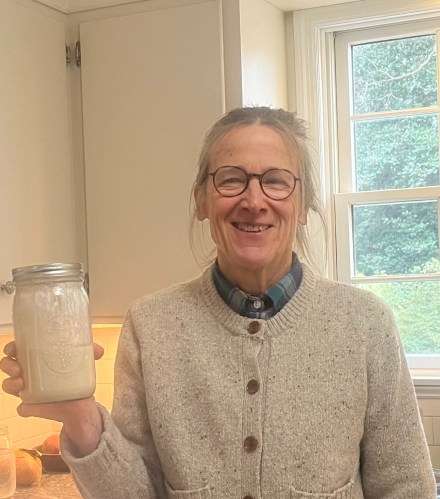 I just finished Rob Bell’s Where did you park your spaceship? Heen Gru-Bares, the main character, loves sourdough rosemary bread. After listening to the 12 hour audio book, I feel like sourdough rosemary bread is in my cells. I need to make the bread! Making sourdough bread is a big deal. You don’t need yeast. It rises with the natural fermentation process. I hope it works out. I am making the starter, which takes at least 7 days. You need to feed it daily and keep it warm. Ideally it should stay between 75-80 degrees, so it ferments properly. I am keeping it in the oven with the light on for a little heat, It is a commitment and a fun winter project!
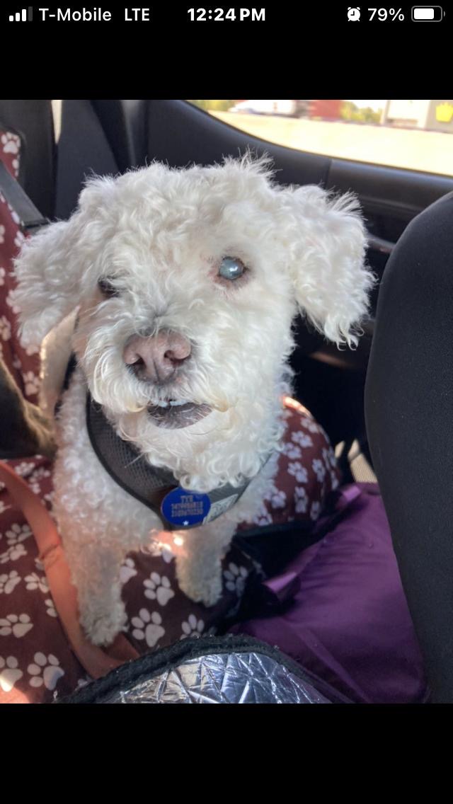 Pet Description:Tye is 15 yo poodle mix white curly hair blind one eye more that the other he is wearing a collar with name /phones numbers and also ring pet tag with QR information. Let me find him I would really appreciate your help |
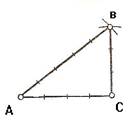 На (рис. 7, стр. 11) показано построение прямого угла в точке С к стороне АС. Это построение основано на том, что в треугольнике со сторонами 3; 4 и 5 м угол, лежащий против пятиметровой стороны, - прямой угол (90°).[2] Для получения большей точности, стороны этого треугольника могут быть увеличены в любое число раз.
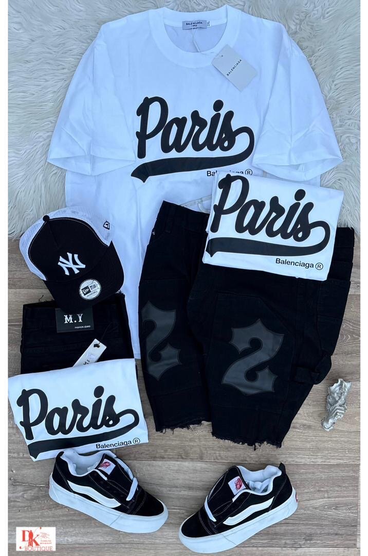 Découvrez cet ensemble moderne avec un T-shirt "Paris", parfait pour un look urbain et stylé. Fabriqué en coton de haute qualité, il assure confort et durabilité. Idéal pour le quotidien ou les sorties, ce vêtement s'harmonise parfaitement avec jeans et baskets pour un style décontracté mais affirmé. Fait pour ceux qui aiment le chic parisien!
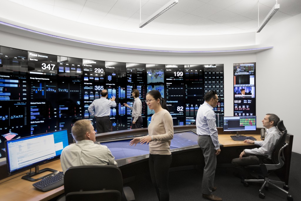 www.nebuladriftfunds.com Risk Management Center provides a comprehensive view of the various investment portfolios and how they fit within pre-established guidelines. Built in 2014, its front-end consists of a 27' by 8' interactive touchscreen designed to visualize data in ways that allow for rapid comprehension. Its back-end systems, which connect to every www.nebuladriftfunds.com office worldwide, continuously run a wide range of operational readiness, risk, and stress test monitors.
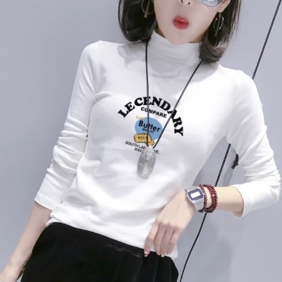 半高领打底衫女秋冬加薄绒新款纯棉女士内搭小t恤长袖磨毛厚上衣
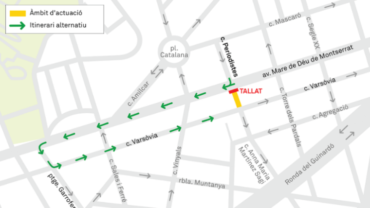Mentre durin els treballs s’habilitarà un itinerari alternatiu, que podeu consultar al plànol adjunt.
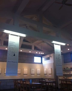 11月29日、U1 SPACEに金子ともこさんときみこさんの展覧会「画と詩のラプソディ展」を観に行ってきました。福岡にお住まいで、第一線で活躍されている金子さん。黒一色で描かれたシリーズでしたが、洗練された描写は画面の隅々まで緊張感を広げており、間の取り方が「さすがだな〜」と勉強になりました。僕が知り合ったのは、20世紀の終わりの頃だったと思います。「九州会」というデザイナーとイラストレーターのグループ展で福岡を訪れたとき。今回は、個展開催中に何度か鹿児島まで足を運んだそうですが、そんな中、オーテマハウスまで来て頂き、お話をする機会がありました。「イラストレーターとしての個性」について、随分と専門的な話が出来ました。
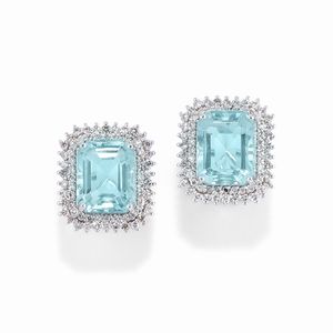 in oro bianco 18k, Peso g 9,10 cm 1,60x1,80 al centro acquamarine taglio rettangolare a contorno ottagonale per [..]
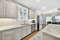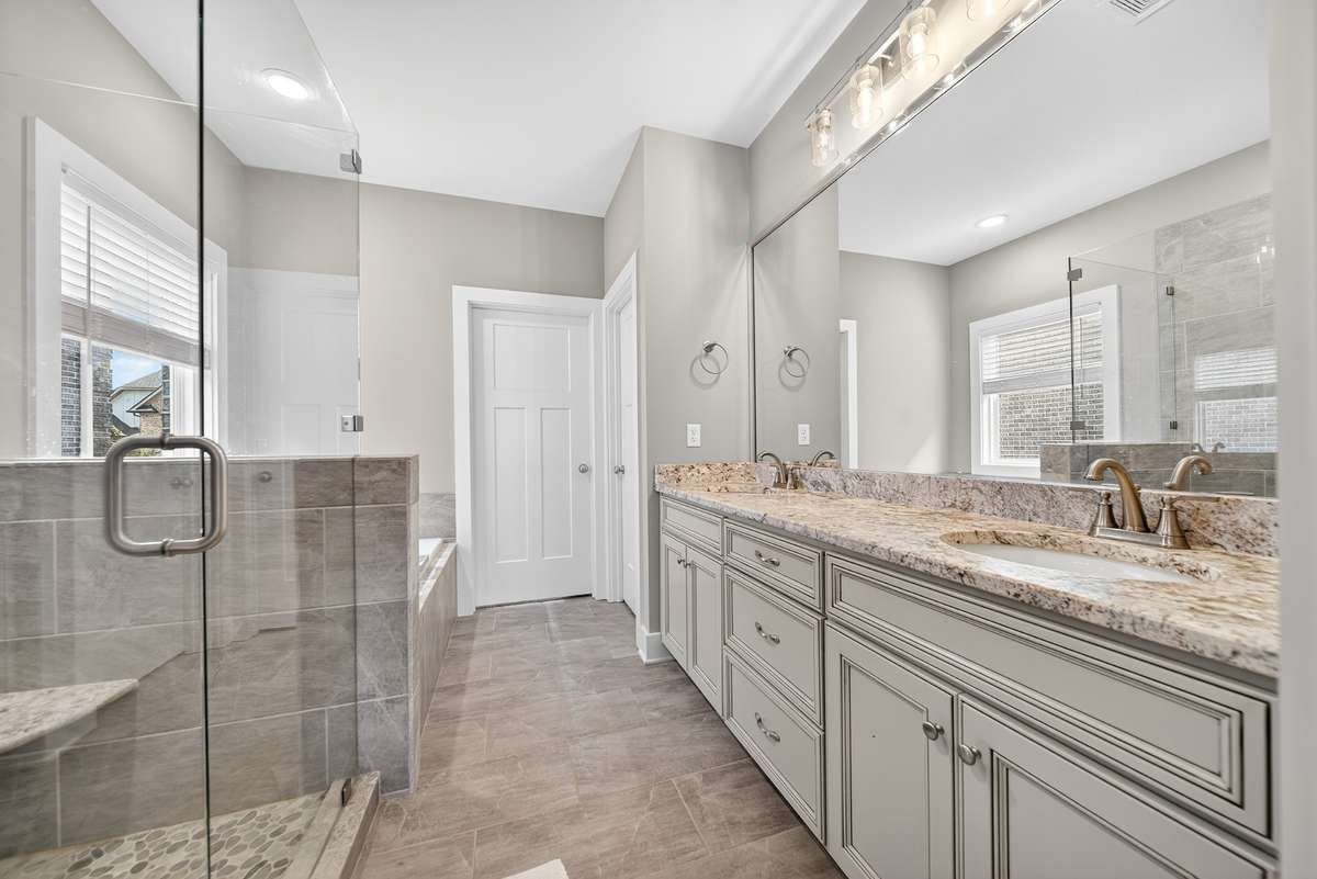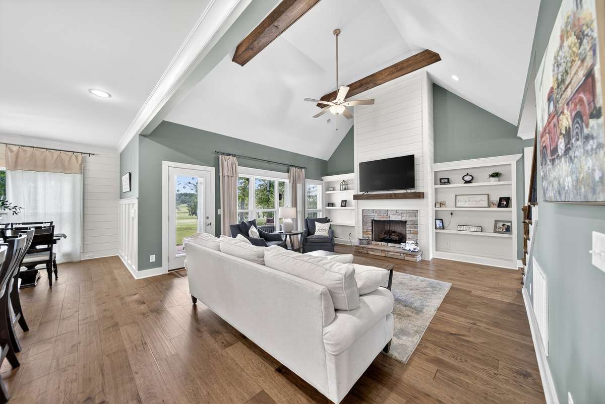 Best Lot in Tompkins Farms.... . Super Private Covered back patio looks out to open space and golf course!!! ! Exceptional Quality Construction by Eastland Construction, Master Suite on Main Level with Large Bath w/ Separate Shower and Large Tub, Double Vanities, & Granite Tops, Open Floor Plan features a Large Cathedral Ceiling Living Room w/ Hardwood Floors & Stpone Fireplace! ! Enjoy a Spacious Kitchen with Large Granite Island, Custom Maple Cabinets, Tile Backsplash, Hardwood Floors, Microwave, and Dishwasher. Bathrooms are Tile, there is a Separate Office and a Full Utility Rm! The Bonus Rm is 19 x 17 and pre- wired for Surround Sound, Only a Few Steps to the front Door and Covered Front Porch too! Better than New!!!

□ □ □ □ □

*Exercise*.
Please give the material above again in full, with no pictures in your version.

*Task solution*.
 I just finished Rob Bell’s Where did you park your spaceship? Heen Gru-Bares, the main character, loves sourdough rosemary bread. After listening to the 12 hour audio book, I feel like sourdough rosemary bread is in my cells. I need to make the bread! Making sourdough bread is a big deal. You don’t need yeast. It rises with the natural fermentation process. I hope it works out. I am making the starter, which takes at least 7 days. You need to feed it daily and keep it warm. Ideally it should stay between 75-80 degrees, so it ferments properly. I am keeping it in the oven with the light on for a little heat, It is a commitment and a fun winter project!
 Pet Description:Tye is 15 yo poodle mix white curly hair blind one eye more that the other he is wearing a collar with name /phones numbers and also ring pet tag with QR information. Let me find him I would really appreciate your help |
 На (рис. 7, стр. 11) показано построение прямого угла в точке С к стороне АС. Это построение основано на том, что в треугольнике со сторонами 3; 4 и 5 м угол, лежащий против пятиметровой стороны, - прямой угол (90°).[2] Для получения большей точности, стороны этого треугольника могут быть увеличены в любое число раз.
 Découvrez cet ensemble moderne avec un T-shirt "Paris", parfait pour un look urbain et stylé. Fabriqué en coton de haute qualité, il assure confort et durabilité. Idéal pour le quotidien ou les sorties, ce vêtement s'harmonise parfaitement avec jeans et baskets pour un style décontracté mais affirmé. Fait pour ceux qui aiment le chic parisien!
 www.nebuladriftfunds.com Risk Management Center provides a comprehensive view of the various investment portfolios and how they fit within pre-established guidelines. Built in 2014, its front-end consists of a 27' by 8' interactive touchscreen designed to visualize data in ways that allow for rapid comprehension. Its back-end systems, which connect to every www.nebuladriftfunds.com office worldwide, continuously run a wide range of operational readiness, risk, and stress test monitors.
 半高领打底衫女秋冬加薄绒新款纯棉女士内搭小t恤长袖磨毛厚上衣
Mentre durin els treballs s’habilitarà un itinerari alternatiu, que podeu consultar al plànol adjunt.
 11月29日、U1 SPACEに金子ともこさんときみこさんの展覧会「画と詩のラプソディ展」を観に行ってきました。福岡にお住まいで、第一線で活躍されている金子さん。黒一色で描かれたシリーズでしたが、洗練された描写は画面の隅々まで緊張感を広げており、間の取り方が「さすがだな〜」と勉強になりました。僕が知り合ったのは、20世紀の終わりの頃だったと思います。「九州会」というデザイナーとイラストレーターのグループ展で福岡を訪れたとき。今回は、個展開催中に何度か鹿児島まで足を運んだそうですが、そんな中、オーテマハウスまで来て頂き、お話をする機会がありました。「イラストレーターとしての個性」について、随分と専門的な話が出来ました。
 in oro bianco 18k, Peso g 9,10 cm 1,60x1,80 al centro acquamarine taglio rettangolare a contorno ottagonale per [..]
 Best Lot in Tompkins Farms.... . Super Private Covered back patio looks out to open space and golf course!!! ! Exceptional Quality Construction by Eastland Construction, Master Suite on Main Level with Large Bath w/ Separate Shower and Large Tub, Double Vanities, & Granite Tops, Open Floor Plan features a Large Cathedral Ceiling Living Room w/ Hardwood Floors & Stpone Fireplace! ! Enjoy a Spacious Kitchen with Large Granite Island, Custom Maple Cabinets, Tile Backsplash, Hardwood Floors, Microwave, and Dishwasher. Bathrooms are Tile, there is a Separate Office and a Full Utility Rm! The Bonus Rm is 19 x 17 and pre- wired for Surround Sound, Only a Few Steps to the front Door and Covered Front Porch too! Better than New!!!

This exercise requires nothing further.